Particle scale models that couple reaction phenomena to changes in the solid-state chemistry of an oxygen carrier system are critical to the advancement of the chemical looping concept by allowing for a means to assess process scale up. This work presents an analysis of the reduction for a CuFeAlO4 oxygen carrier with Carbon Monoxide (CO). The analysis was utilized to aid in the application of particle scale model representation of the carrier system. An experimentally driven study was conducted to provide an array of operational/parametric data sets for the analysis and their impact accessed. Quantification of the cubic spinel oxide phase and changes due to lattice oxygen depletion from reduction were explored to link the solid-state chemistry changes to the reaction progression. Reduction occurred in a multistep process as oxygen was depleted from the structure. Oxygen bound to Cu cations were the first to react with CO. As oxygen was depleted further phase re-orientation occurred resulting in an iron based aluminate (FeAl2O4) with discrete metallic copper present. FeAl2O4 was further depleted of oxygen to metallic Fe and alumina. The multistep process was emulated through the use of a multi-interface Grainy pellet model. To add to the utility of the model, the effects of product gas, CO2, on the reaction progression were incorporated into the description.
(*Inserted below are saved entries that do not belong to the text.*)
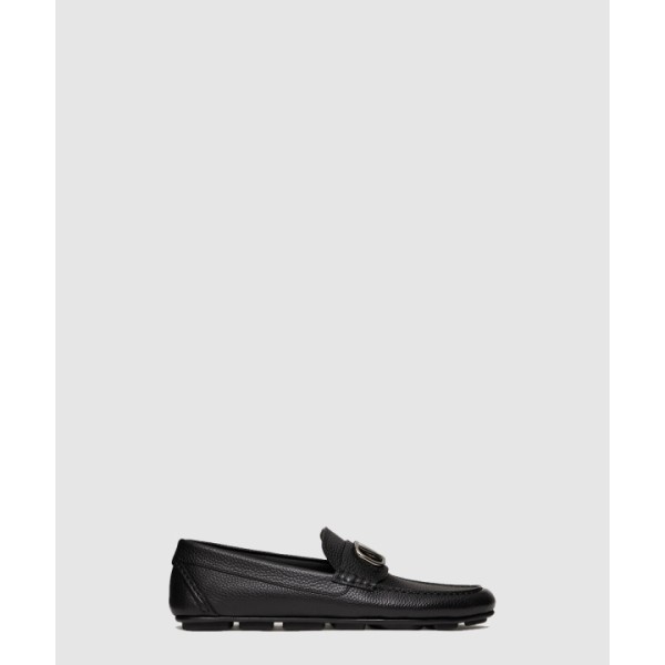 브이 로고 송아지 가죽 드라이빙 슈즈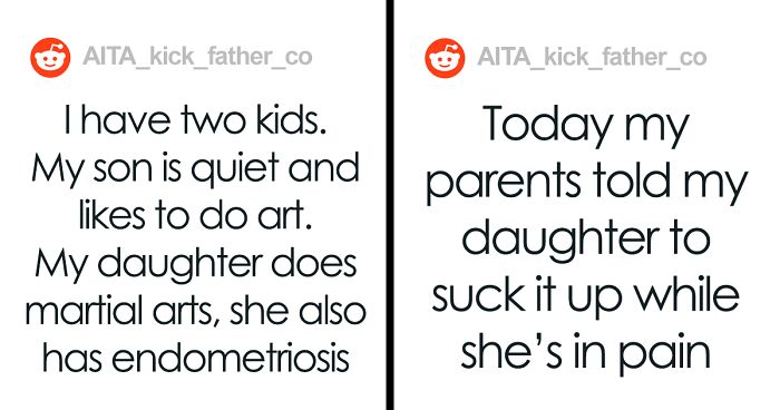 “They would both always comment (to me) about their behaviors and hobbies with comments such as ‘He’s not very manly’ or ‘that’s not very ladylike’ and other such comments,” wrote the dad about his mom and dad being needlessly mean to his kids.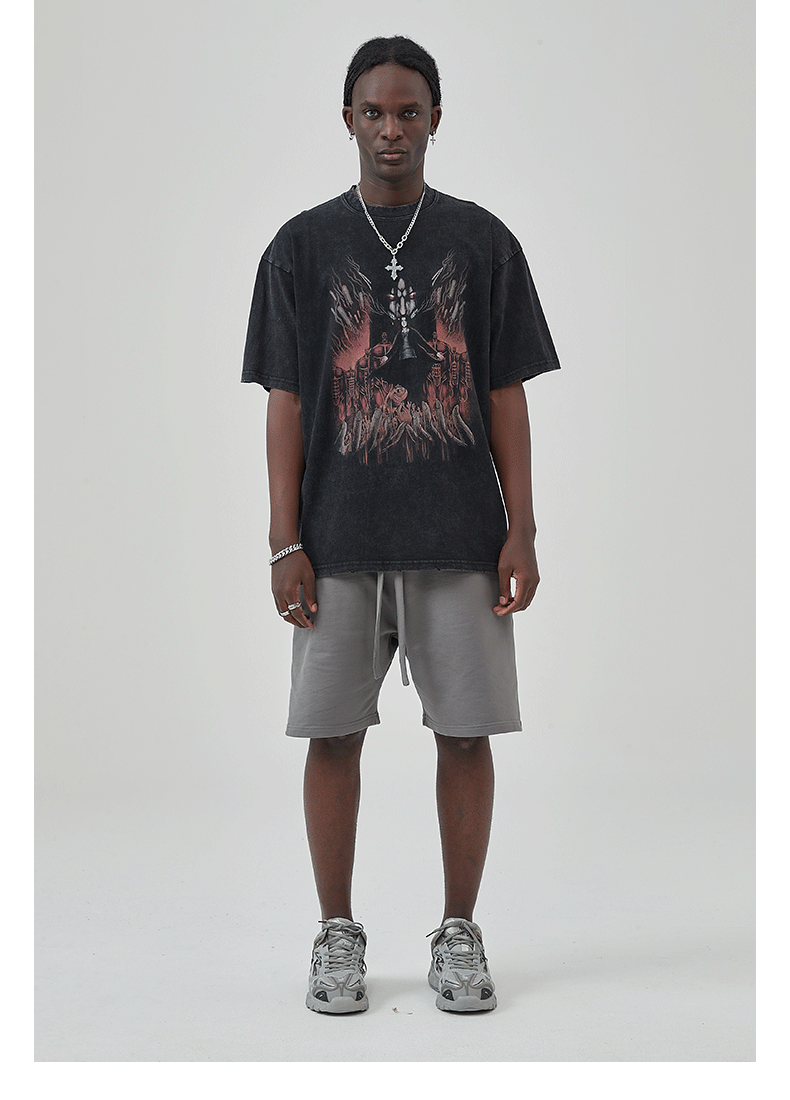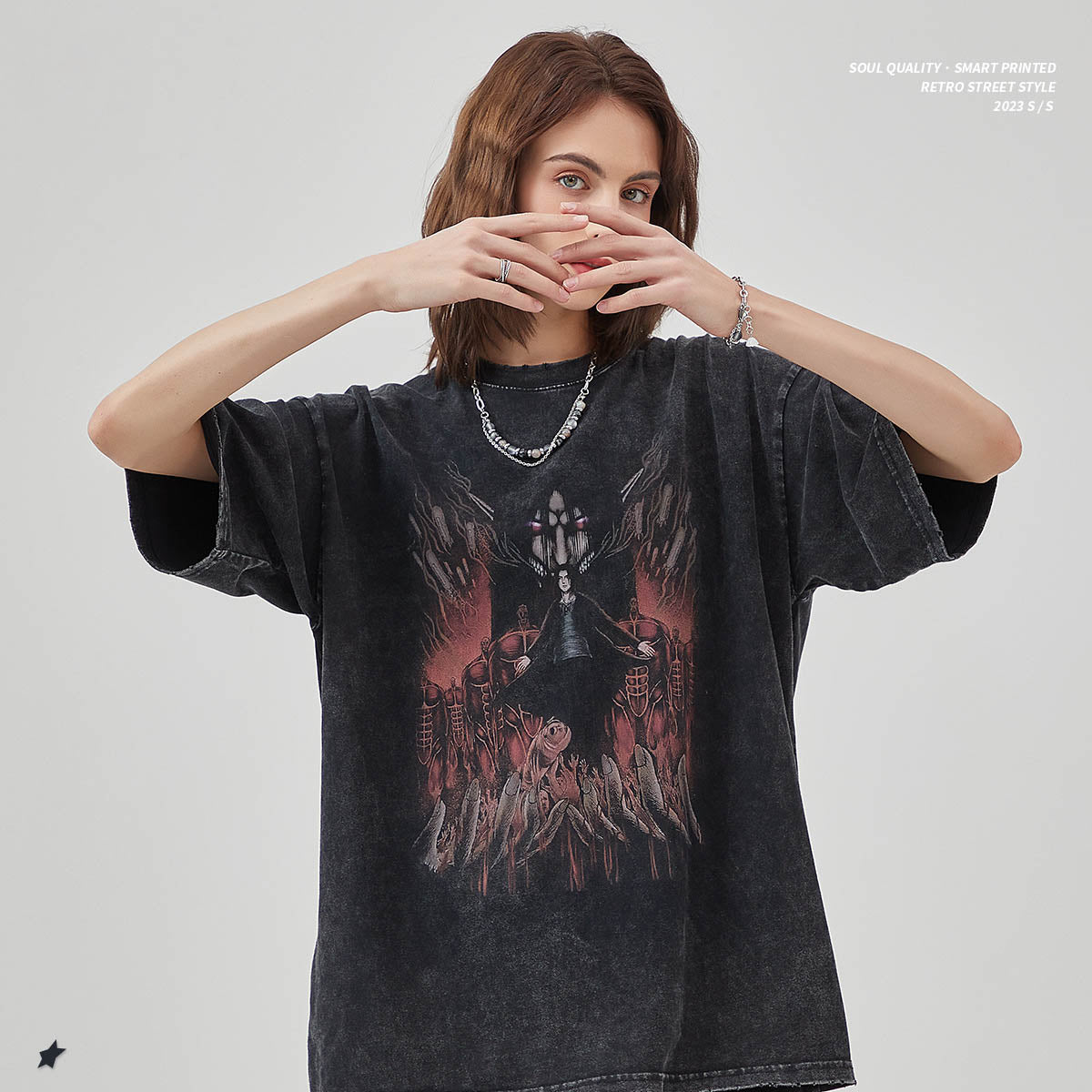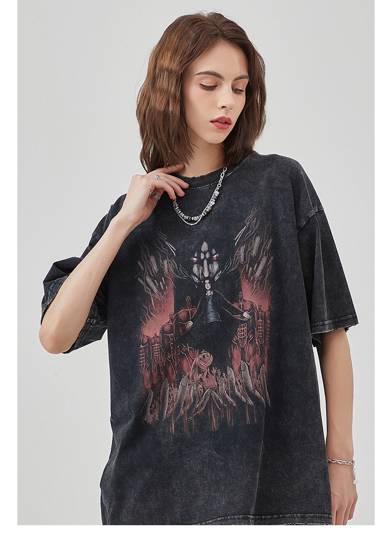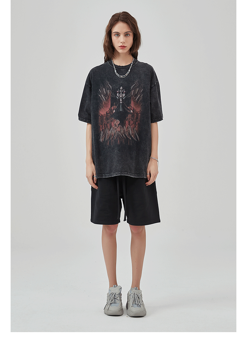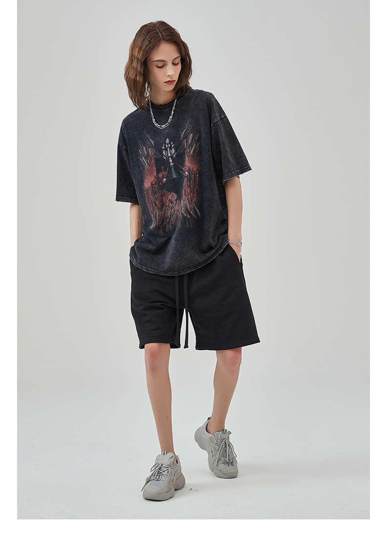 Mens and Womens Wear Worn Out Old High Street Loose Short Sleeve T Strike Giant Print Fried Snow Vintage T shirt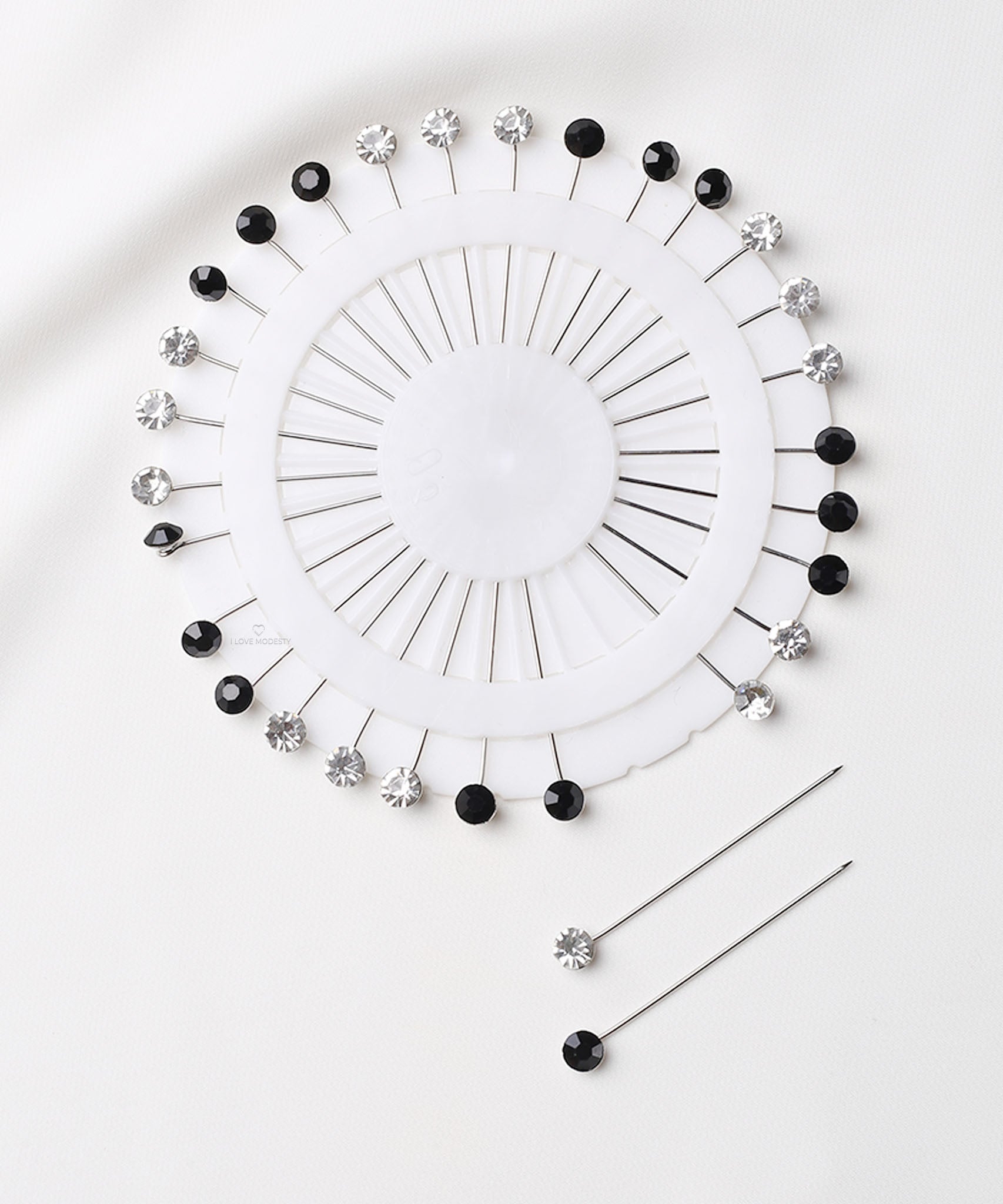 These Black & White Rhinestone Hijab Pins are crafted from steel and come neatly arranged in a compact storage wheel, making them easy to use and store.
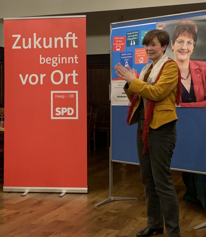 Bürgermeisterin Schätz eröffnete den Abend mit einem Hinweis auf einen Artikel im Donaukurier, in dem der Haager CSU-Vorsitzende in einem Interview zur Kommunalwahl in Haag zitiert wird: "Es braucht einen Neuanfang, unser Ort ist vom Niedergang bedroht" (Fundstelle: https://www.donaukurier.de/nachrichten/bayern/Buergermeister-gesucht;art155371,4392422). "Sieht Haag so aus, als sei es vom Niedergang bedroht?", fragte Sissi Schätz die Zuhörer. Welche Gemeinde könne es sich schon leisten, ein Hallenbad zu erhalten, sein Wahrzeichen zu sanieren und neu zu gestalten, ein neues Kino-Cafe und das neue Pfarrheim im Zehentstadel zu planen? Sie strebe ein moderates Wachstum des Ortes an, in dem sich die Menschen wohlfühlen und sich auch in 20 Jahren noch auf der Straße grüßen. Haag habe eine starke Stellung im Landkreis Mühldorf, da es als zentraler Ort im westlichen Landkreis über eine Infrastruktur verfüge, die normalerweise ein Ort dieser Größe nicht aufweisen könne. Als Beispiele nannte sie das Krankenhaus und die Realschule. Starken Verbesserungsbedarf gebe es beim ÖPNV. Richard Fischer, Vorsitzender der Kreistagsfraktion bekräftigte dies. Es sei der Kreistags-SPD zu verdanken, dass beim ÖPNV endlich etwas in Bewegung komme, besonders habe sich Sissi Schätz bei landkreisübergreifenden Verbindungen nach Dorfen und Wasserburg sowie beim Thema "Aufnahme in das MVV-Gebiet" engagiert. Landratskandidatin Angelika Kölbl stellte ihre Ziele für den Landkreis vor. Die medizinische Versorgung dürfe sich nicht ausschließlich an der "Schwarzen Null" orientieren, entscheidend sei eine gute Patientenversorgung. Auch sie mahnte einen besseren ÖPNV im gesamten Landkreis an. Mehr Engagement des Landkreises ist beim sozialen Wohnungsbau und der Schaffung von Pflegestützpunkten erforderlich. Um die Themen Inklusion, Notfallversorgung und Barrierefreiheit gab es regen Diskussionsbedarf.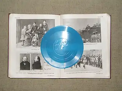 Сторона 1 (ГД-0003831) № Название Длительность 1. «Что такое Советская власть?» (конец марта 1919) 2:35 Сторона 2 (ГД-0003832) № Название Длительность 2. «Как навсегда спасти трудящихся от гнёта помещиков и капиталистов» (конец марта 1919) 2:16 3. «О трудовой дисциплине» (конец марта 1920) 2:00 - The Great Soviet Encyclopedia: A Translation of the Third Edition of the Bol'shaya Sovetskaya Entsiklopediya. — New York, London: Macmillan, Collier-Macmillan, 1973—1982. — Т. 1—31, index.

In addition, the catalytic effects of the Boudouard reaction were examined and incorporated into the representation adding to the novelty of the work.

Suggested Citation

  • Riley, Jarrett & Siriwardane, Ranjani & Tian, Hanjing & Benincosa, William & Poston, James, 2019. "Particle scale modeling of CuFeAlO4 during reduction with CO in chemical looping applications," Applied Energy, Elsevier, vol. 251(C), pages 1-1.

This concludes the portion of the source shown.